Heureusement, il mandata à cet effet notre vieil intendant qui nous respectait comme nous le respections et qui était aussi attaché à ces terres que nous l’étions bien qu’il ne pensait qu’à prendre une retraite bien méritée dans sa province natale.
Ce vieil homme se démena pendant des semaines et des mois à dénicher un acquéreur suffisamment riche pour prendre le tout et las d’écumer la province, il partit un jour pour Paris solliciter les nombreuses connaissances que la Baronne y comptait.
Le soir où il revint de la capitale fut sans aucun doute un des moments les plus heureux de ma vie : Il nous annonça qu’il y avait trouvé notre nouveau maître en la personne de ce charmant érudit parisien que nous apprécions tant et qui était bien décidé à vivre désormais toute l’année dans notre paradis tout en profitant de nos bons soins !

Notre nouveau maître s’installa trois mois plus tard et notre vie comme celle du domaine et même du comté tout entier en fut rapidement et profondément chamboulées.
S’il doubla nos gages d’emblée, il nous demanda à ma femme et à moi un surcroit de travail et de qualité que cependant, nous avons eu grand plaisir à lui prodiguer au quotidien.
Il recevait souvent dans son nouveau château bon nombre de gens de haut rang et de grande influence qui venaient de très loin parfois et qu’il fallait choyer et surtout éblouir à chaque moment de la journée.
Après quelques années d’un tel régime, ma femme et moi, nous étions connus et réputés dans l’Europe entière pour notre plus grand bonheur et celui de notre maître itou !

Mais un tel dévouement et une telle célébrité à parfois son revers de médaille et je l’appris à mes dépens, un soir de l’an de grâce 1760 où mon vénéré maître m’ordonna de participer à un de ses dîners de gentilshommes !
Pour tout vous dire, sauvage et gueux comme j’étais, je me suis fait longtemps prié pour accepter une telle corvée qui dépassait de très haut mes capacités, ma nature, mes espoirs et tout mon tempérament !
Mon maître, par sa très grande sagacité m’a enfin convaincu en me précisant que je devais par ma science du jardin, faire diversion lors de cette réunion de compères qu’il souhaitait réconcilier : Mon seul discours empêcherait sans aucun doute que ces invités et lui-même n’abordent des sujets bien trop propices à la polémique voire à d’autres fâcheries irrémédiables.
Mon argument sur les habits tomba même, car il me conduisit aussitôt dans ses appartements pour me faire essayer des costumes, bas, perruques et autres souliers vernis dont jamais de ma vie je n’avais même imaginé avoir la moindre envie ou le moindre intérêt !
En quelques minutes, j’étais grimé comme un ministre et mon entrée dans la cuisine provoqua l’hilarité de mon fils et de ma femme qui mirent toutefois un bon moment à me reconnaître.
Les trois invités arrivèrent enfin ; deux venant ensemble de Paris et le troisième de Genève, et je dus leur faire visiter le parc tout en répondant comme je pouvais à leurs questions et remarques et en essayant de cacher le malaise de mon corps engoncé dans ses habits du diable.

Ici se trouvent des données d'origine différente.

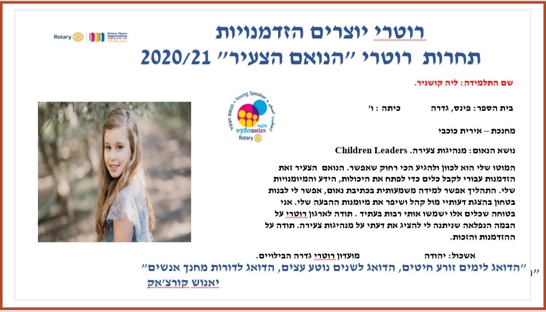 ליה קושניר זכתה בתחרות הנואם הצעיר הארצית של רוטרי ישראל. התחרות המתקיימת מדי שנה ברחבי הארץ במטרה להנחיל לתלמידי בתי הספר תרבות דיבור, תוך הקשב, סבלנות ויכולת להכיל דעה שונה, על ידי נאומי התלמידים בפני הקהל. בגדרה פועל הפרוייקט כבר 10 שנים בכל בתי הספר בישוב, בשיתוף פעולה של יואל גמליאל ראש המועצה וענת קוך מנהלת אגף החינוך. למרות תקופת הקורונה המאתגרת התחרות התקיימה גם השנה, כאשר חברי המועדון הדריכו את התלמידים בזום, ובנוסף קיימו השנה-נאומים באנגלית בהדרכתה של רבקה ניסים חברת המועדון.

Etrangement, mon trouble de « manant en perruque » disparut une fois assis à la table du dîner et je pense que ce fut sans doute par la surprise de me trouver en invité dans cette vaste et splendide salle à manger où je mettais les pieds et où je posais le cul pour la première fois de ma vie ou encore par les vapeurs de ce délicieux vin de Malaga que nous avons bu « en apéritif »
Tout mon corps et mon esprit en furent soudain libérés, éthérés et je pris alors la parole sans cesse pour évoquer avec une flamme et une volubilité insoupçonnée tous les trésors de mes paradis de jardin, de verger et de potager.
Je parlais ; je parlais haut et fort des arbres, des salades, des herbes, des fleurs, des légumes, du vent de la pluie, du gel, des saisons et de l’humus et je ne voyais rien et  je n’entendais rien d’autre que ma voix vibrant sous les stucs et glissant sur le silence passionné des mes quatre auditeurs qui m’écoutaient, bouche bée, comme des petits enfants.
Je cessai ce discours au bout d’une heure toutefois pour enfin me renseigner du regard sur l’attitude de mon maître sur ma performance et quand je vis ses yeux luire de bonheur et de fierté, je repris incontinent mon sermon avec encore plus de vigueur et de prolixité !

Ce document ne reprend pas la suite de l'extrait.